That old Latin proverb warns us all, “Buyer Beware!” This wisdom especially applies when businesses compete for our hard-earned dollars with seemingly great coupons, rebates, or sales. One fantastic sales tactic is “0% APR!” or “Low APR!” We tend to forget old sayings like “caveat emptor” or even its modern cousin, “If something sounds too good to be true, then it probably is” when a seemingly good deal gets our adrenaline going.
First, it’s important to have a firm grasp of APR (Annual Percentage Rate). APR is the rate that shows the total amount of interest you pay when you borrow money, and it includes any fees or costs associated with it.
Let’s use a car as an example:
You see a $30,000 dollar car advertised for sale with a 3% interest rate. APR not only takes the interest rate into consideration, but also the additional fees associated with purchasing the car, like GAP insurance and extended service contracts. To keep our math simple, let’s say GAP insurance and an extended service contract add up to $3,000.
This makes the total loan for your car $33,000. The interest rate is still three percent, but remember the APR includes those additional features, and it is 3.30%.
Breaking it down into dollars, this means that with an APR of 3.30% on a $30,000 car you would pay $543.07 per month on your loan. That’s right! When you know the APR of your loan you can put all the information into a calculator like the ones found under the Loans tab on ECU’s homepage, and figure out your monthly payment so you can shop for the loan terms that best fit your budget.
It’s smart to compare interest rates when shopping for a loan, but if you are looking for a true “apples to apples” comparison of the cost of a loan then you would get a more accurate financial picture by comparing APRs.
Let’s look at financing that same $30,000 car from a dealership versus with a financial institution like ECU.
The dealership may offer an interest rate of 2.5% while the financial institution’s interest rate is 2.65%
Thanks to the car salesperson’s strong encouragement, you purchase GAP insurance for $650, an extended warranty for $3,500, and wheel protection for $700.
“You know what,” the salesperson says, “I shouldn’t tell you this; they want us to really push this premium wax feature, but I’m going to be honest with you – that wax coating only lasts three months.

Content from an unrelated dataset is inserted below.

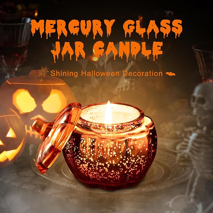 - Elegant Jar Candle Set for Festive Ambiance: Each Halloween candle comes in a pumpkin shaped glass votive holder that diffuses warm, inviting light. Electroplated for a fine sparkle when ignited. The minimalist design fits seamlessly into fall tablescapes, mantels, or centerpieces, adding a touch of seasonal charm to your décor

If you break it down over the five years of your loan, you’re paying about $600 per year just for car wax. That’s $3,000, my friend.”
“If I were you,” the salesperson continues, “I would go with the ceramic paint coating. It’s only $1900 total. It’s much cheaper, and it is permanent if you maintain it.”
So, at the dealership you have a $30,000 car plus $650 for GAP insurance, plus the extended warranty for $3500, plus wheel protection for $700, and an additional $1900 for the protective ceramic paint coating. The amount you need to borrow is now $36,750 – the interest rate is still 2.5% though…but the APR is very different. The APR is now 3.06% which is the actual amount it costs you to borrow this money.
Financial institutions often only offer the products and services that their members use. It is unlikely that a lender at a credit union will suggest you pay for protective ceramic paint, but they will almost certainly offer GAP insurance, and an extended warranty. Let’s look at the math. Studies show that financial institutions offer lower prices than dealerships for the same (or better) protection coverage like GAP insurance and extended service contracts. (By the way, ECU’s GAP insurance is the least expensive in the state of Texas.)
When you have the same $30,000 car, plus $430 for GAP insurance, and the extended service contract for $3000 the total loan amount becomes $33,430. This makes the APR 2.95% – this costs you less over the life of the loan, and you aren’t pressured to pay for anything that wouldn’t be entirely beneficial to you.
APR calculations are only accurate when you carry the loan full term. If you prepay on the loan, the calculation changes, but prepaying a loan means you pay less overall if there are no prepayment penalties. (Another important question to ask your lender is, “Are there any penalties if I pay off my loan early?”)
Knowing that APR is closer to the true cost of the money you borrow is your secret weapon while shopping for the products or services you need.
Now, you don’t need to calculate your own APR if you don’t want to. By law, lenders are required to tell you the APR on the money you borrow, but having the tools to do your own calculations can help if you feel like an offer is too good to be true – remember, caveat emptor.
Be wise to “introductory” rates as well, especially 0% APR promotions. Offers like that are designed to get you in the door, but after that introductory period, your APR can be higher than average allowing the lender to compensate for the period that you weren’t paying interest.
Interest rates are a cornerstone of borrowing and lending, but they aren’t the only thing to consider. Going forward, remember that recognizing the APR is the ace up your sleeve when comparing loan costs.
“Buyer beware” goes hand in hand with another old saying: “Forewarned is forearmed.” The more you learn, the better prepared you are to handle challenges thrown your way.